Following the Civil War, a time of peace and prosperity blossomed in the north. The Geiser Manufacturing Company was making phenomenal advances in farming technology with the production of steam engines that powered threshing machines and other farm machinery. Further impetus to industrial growth came in 1879, when the Geiser Manufacturing Company, looking for engines to power its machinery, bought the steam engine works of Lancaster County's Landis brothers, Abraham B. and Franklin F. Landis.

The Landis brothers moved to Waynesboro to work for Geiser, and the ingenious designs they developed there led them to start their own factory manufacturing grinding and boring machines in 1890. Landis Tool came out of that company in 1897, and Landis Machine followed in 1903. Machine shops and machinists and their families came to the community and many joined the Methodist Episcopal Church. The church, along with the other churches of Waynesboro, became a focal point in the spiritual and social life of the community.

Through its tradition of social ministry, provisions for the poor and homeless, the widowed, sick and orphaned were made by members of the church. The women were encouraged to join the Women's Christian Temperance Union to crusade against the devastating ills caused by alcoholism. Members of the church foreswore all use of alcohol including the use of communion wine. Another Methodist, by the name of James Welch in New York state, was busy perfecting the preservation and bottling of grape juice for use by churches as a substitute for wine.

The congregation sought for ways to care for their children and youth and so adults were recruited and trained to serve as Sunday School teachers and small group leaders. An Epworth League was formed in 1891 to offer a youth ministry to the teens of the church and community. Children's Day was a regular event each year and pictures still exist that show an extravagantly decorated sanctuary festooned with flowers and décor that celebrated the role of children in the congregation.

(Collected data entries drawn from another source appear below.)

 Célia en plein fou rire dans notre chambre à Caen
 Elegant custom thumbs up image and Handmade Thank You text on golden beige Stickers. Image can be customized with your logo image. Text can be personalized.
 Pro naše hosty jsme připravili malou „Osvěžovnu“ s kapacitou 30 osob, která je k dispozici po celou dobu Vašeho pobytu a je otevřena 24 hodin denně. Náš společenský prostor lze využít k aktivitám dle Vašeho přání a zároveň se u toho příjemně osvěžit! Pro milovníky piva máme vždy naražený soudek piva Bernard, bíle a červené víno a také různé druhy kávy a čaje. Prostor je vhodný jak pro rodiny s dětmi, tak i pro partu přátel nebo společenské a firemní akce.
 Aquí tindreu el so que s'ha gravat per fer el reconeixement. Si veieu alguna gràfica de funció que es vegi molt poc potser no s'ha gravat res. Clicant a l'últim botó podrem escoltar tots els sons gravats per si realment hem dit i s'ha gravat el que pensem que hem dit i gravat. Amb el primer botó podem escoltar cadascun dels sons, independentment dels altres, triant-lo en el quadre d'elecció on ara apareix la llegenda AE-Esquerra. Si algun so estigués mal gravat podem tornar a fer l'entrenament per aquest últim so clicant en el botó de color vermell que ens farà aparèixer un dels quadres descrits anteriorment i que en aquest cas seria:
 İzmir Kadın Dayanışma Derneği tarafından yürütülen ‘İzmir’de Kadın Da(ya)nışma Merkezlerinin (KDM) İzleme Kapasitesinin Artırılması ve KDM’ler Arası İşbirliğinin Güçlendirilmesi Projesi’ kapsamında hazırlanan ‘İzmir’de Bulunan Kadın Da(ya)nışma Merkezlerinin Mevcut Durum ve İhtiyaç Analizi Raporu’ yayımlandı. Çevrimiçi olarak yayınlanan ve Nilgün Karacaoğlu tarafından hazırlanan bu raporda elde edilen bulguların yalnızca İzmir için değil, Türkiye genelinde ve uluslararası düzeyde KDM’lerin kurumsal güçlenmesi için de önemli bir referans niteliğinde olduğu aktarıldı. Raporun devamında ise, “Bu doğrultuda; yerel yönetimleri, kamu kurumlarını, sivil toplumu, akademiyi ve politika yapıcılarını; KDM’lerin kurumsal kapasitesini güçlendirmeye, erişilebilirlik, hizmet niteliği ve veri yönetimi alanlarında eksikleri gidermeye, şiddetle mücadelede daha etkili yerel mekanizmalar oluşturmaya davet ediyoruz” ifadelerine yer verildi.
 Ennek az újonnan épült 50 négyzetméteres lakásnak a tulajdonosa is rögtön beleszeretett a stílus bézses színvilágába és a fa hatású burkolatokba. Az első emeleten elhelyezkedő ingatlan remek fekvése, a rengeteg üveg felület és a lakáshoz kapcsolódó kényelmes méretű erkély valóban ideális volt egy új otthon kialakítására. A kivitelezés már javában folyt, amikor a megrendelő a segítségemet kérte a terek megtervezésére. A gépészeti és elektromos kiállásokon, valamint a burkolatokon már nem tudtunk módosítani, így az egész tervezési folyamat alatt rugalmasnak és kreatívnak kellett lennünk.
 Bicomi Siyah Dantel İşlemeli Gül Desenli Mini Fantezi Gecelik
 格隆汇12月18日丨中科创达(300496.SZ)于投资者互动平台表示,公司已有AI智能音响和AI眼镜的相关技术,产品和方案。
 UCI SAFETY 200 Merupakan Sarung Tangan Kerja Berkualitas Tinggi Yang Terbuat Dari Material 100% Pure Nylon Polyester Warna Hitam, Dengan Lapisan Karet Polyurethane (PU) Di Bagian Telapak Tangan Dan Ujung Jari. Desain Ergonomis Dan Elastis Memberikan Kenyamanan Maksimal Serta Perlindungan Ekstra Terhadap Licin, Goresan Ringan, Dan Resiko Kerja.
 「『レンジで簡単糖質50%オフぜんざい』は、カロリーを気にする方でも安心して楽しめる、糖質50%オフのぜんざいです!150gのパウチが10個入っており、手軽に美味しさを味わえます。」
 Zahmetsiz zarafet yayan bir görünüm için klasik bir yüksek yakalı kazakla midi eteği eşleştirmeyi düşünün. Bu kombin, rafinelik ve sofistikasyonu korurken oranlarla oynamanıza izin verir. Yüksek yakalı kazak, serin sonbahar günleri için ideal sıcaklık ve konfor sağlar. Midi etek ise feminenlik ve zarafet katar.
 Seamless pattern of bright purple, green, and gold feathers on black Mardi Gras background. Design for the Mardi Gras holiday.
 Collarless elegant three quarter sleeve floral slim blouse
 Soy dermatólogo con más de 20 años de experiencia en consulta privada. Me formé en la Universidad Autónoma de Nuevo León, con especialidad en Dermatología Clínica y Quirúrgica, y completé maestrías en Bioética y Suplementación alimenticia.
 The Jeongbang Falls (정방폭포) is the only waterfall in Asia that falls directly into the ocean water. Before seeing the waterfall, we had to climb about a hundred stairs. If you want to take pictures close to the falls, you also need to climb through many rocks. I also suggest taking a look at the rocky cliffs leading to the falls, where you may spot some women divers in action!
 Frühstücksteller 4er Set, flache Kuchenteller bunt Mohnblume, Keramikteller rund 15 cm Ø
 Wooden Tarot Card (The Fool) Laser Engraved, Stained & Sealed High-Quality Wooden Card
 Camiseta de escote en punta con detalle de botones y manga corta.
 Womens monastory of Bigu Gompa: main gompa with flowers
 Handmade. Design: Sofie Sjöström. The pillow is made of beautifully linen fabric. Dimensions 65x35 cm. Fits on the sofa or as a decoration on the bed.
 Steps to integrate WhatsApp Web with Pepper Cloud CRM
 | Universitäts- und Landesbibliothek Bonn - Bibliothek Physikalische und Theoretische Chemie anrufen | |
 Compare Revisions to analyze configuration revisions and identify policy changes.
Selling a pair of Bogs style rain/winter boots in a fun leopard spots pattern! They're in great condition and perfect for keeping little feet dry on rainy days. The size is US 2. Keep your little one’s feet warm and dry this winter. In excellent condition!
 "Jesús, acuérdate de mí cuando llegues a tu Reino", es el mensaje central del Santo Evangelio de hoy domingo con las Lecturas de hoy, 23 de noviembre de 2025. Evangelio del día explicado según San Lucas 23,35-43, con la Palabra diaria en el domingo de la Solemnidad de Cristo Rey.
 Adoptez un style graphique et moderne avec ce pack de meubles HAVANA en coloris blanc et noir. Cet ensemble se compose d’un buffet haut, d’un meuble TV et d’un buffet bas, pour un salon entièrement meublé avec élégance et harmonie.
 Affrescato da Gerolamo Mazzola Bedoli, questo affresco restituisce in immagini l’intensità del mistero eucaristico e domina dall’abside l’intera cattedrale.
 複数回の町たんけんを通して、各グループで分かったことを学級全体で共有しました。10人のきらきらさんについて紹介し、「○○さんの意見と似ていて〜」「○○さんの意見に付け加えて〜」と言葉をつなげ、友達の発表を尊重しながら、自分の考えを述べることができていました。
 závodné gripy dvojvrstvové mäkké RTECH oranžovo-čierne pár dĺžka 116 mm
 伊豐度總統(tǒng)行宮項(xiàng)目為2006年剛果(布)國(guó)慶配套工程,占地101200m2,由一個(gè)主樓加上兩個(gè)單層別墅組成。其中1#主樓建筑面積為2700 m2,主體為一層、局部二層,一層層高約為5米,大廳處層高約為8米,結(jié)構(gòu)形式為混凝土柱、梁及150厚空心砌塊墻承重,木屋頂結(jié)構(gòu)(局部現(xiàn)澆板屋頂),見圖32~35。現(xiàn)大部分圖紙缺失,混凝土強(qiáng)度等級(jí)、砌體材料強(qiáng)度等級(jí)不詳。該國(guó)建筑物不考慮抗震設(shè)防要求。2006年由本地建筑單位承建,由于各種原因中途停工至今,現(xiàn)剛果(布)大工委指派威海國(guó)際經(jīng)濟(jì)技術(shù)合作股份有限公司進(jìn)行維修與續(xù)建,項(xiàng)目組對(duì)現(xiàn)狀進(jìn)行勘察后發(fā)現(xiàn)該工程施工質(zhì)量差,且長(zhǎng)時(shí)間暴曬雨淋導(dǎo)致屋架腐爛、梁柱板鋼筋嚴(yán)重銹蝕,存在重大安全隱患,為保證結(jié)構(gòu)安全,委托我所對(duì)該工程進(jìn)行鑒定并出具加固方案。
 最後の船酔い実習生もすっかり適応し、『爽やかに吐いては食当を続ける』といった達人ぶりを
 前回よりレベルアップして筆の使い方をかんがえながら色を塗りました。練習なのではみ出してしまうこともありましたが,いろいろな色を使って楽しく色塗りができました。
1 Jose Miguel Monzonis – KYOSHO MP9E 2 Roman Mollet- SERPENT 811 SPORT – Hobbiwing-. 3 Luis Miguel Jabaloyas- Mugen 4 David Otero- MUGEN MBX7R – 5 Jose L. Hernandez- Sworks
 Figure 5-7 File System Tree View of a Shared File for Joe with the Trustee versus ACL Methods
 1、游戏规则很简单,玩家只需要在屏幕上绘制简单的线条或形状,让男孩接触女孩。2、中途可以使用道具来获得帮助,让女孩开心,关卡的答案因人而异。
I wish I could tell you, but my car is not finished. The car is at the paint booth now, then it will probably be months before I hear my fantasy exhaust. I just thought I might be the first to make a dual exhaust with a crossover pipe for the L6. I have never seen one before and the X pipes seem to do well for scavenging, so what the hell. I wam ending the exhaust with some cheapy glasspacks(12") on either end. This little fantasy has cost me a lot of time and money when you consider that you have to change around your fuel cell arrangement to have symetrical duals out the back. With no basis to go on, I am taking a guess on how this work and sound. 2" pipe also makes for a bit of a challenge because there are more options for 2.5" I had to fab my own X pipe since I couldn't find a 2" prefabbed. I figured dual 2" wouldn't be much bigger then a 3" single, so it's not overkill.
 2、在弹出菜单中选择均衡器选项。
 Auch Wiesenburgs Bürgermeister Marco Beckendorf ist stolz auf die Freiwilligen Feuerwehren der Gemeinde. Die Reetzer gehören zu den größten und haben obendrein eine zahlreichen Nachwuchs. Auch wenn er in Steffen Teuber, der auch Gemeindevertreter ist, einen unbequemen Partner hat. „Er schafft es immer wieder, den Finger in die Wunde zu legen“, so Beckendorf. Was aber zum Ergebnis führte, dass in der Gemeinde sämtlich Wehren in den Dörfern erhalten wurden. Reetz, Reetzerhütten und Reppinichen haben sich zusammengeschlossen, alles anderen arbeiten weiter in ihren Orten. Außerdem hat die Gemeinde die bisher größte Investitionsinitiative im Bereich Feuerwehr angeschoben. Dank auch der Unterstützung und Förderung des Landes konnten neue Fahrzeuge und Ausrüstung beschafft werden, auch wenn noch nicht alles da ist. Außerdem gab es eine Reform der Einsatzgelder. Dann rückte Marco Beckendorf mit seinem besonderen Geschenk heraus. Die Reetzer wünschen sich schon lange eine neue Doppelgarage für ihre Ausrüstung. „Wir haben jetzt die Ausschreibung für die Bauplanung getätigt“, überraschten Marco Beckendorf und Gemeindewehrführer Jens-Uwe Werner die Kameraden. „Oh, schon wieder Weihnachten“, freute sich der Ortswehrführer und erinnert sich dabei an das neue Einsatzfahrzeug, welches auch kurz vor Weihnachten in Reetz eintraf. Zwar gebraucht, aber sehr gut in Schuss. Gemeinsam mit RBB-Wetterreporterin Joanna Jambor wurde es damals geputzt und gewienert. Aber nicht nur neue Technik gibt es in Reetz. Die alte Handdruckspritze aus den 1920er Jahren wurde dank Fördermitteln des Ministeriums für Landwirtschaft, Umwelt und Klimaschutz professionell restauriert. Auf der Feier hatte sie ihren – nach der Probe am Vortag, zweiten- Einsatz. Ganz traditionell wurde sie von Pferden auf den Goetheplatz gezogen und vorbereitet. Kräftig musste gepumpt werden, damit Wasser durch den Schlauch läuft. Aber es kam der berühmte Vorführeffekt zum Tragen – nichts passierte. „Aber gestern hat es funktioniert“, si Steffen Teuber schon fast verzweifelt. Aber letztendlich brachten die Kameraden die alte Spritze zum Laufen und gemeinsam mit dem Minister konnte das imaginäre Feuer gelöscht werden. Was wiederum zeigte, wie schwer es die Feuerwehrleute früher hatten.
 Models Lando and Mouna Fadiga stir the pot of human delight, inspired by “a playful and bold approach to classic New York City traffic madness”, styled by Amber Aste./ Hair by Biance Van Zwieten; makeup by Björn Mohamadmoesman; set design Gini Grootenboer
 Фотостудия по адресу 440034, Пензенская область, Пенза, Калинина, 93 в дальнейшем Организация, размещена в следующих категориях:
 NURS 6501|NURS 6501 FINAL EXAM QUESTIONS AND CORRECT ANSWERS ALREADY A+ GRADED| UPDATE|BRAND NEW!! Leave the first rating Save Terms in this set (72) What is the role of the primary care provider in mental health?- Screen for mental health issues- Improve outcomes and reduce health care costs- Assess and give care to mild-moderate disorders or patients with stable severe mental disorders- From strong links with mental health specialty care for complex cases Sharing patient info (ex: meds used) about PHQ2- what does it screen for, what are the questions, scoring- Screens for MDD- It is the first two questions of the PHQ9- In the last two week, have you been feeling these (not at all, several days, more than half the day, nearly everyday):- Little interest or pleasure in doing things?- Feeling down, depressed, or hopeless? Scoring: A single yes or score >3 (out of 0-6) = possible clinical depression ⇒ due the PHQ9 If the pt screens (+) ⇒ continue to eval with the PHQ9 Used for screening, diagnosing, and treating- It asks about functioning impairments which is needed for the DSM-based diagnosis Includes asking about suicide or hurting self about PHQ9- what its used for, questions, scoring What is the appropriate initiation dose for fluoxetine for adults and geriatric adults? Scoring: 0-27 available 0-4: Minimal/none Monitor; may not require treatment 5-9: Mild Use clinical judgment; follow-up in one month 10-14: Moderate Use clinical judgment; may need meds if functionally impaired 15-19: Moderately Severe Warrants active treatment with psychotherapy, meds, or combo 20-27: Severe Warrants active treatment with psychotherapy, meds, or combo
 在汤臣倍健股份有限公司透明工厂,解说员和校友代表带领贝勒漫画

As a new century dawned, the need for a larger church building was again before the congregation. The trustees met and quickly concurred that a new church building was needed that would allow the congregation to go forward in their ministry. A building committee was formed and members recruited to lead it. Members included Alvin M. Foltz, Ezekiel Elden, F. Jesse Beard, William E. Bender, John G. Corbett, Aaron H. Deardorff, John H. Deardorff, D. Singer Geiser, A. Welty Rauthrauff, Val Smith, Americus E. Waynant and the Rev. George N. Hoke, pastor.

In late 1900, the former church was demolished and the work on the new building begun. The trustees of the cemetery received permission to disband and the graves were removed to various other cemeteries in the area. The former parsonage, which stood on the site now occupied by the Lockstamphor Funeral home, was sold and a new parsonage was erected beside the new church building on the Second Street side. This building still stands and serves as educational space for the congregation.

The building and furnishings cost a little over $25,000.00 -a large sum of money at that time for a modest congregation to raise considering that the average salary of a working family at that time was less than $1,200.00 per year. The congregation gave sacrificially and with a vision for the future.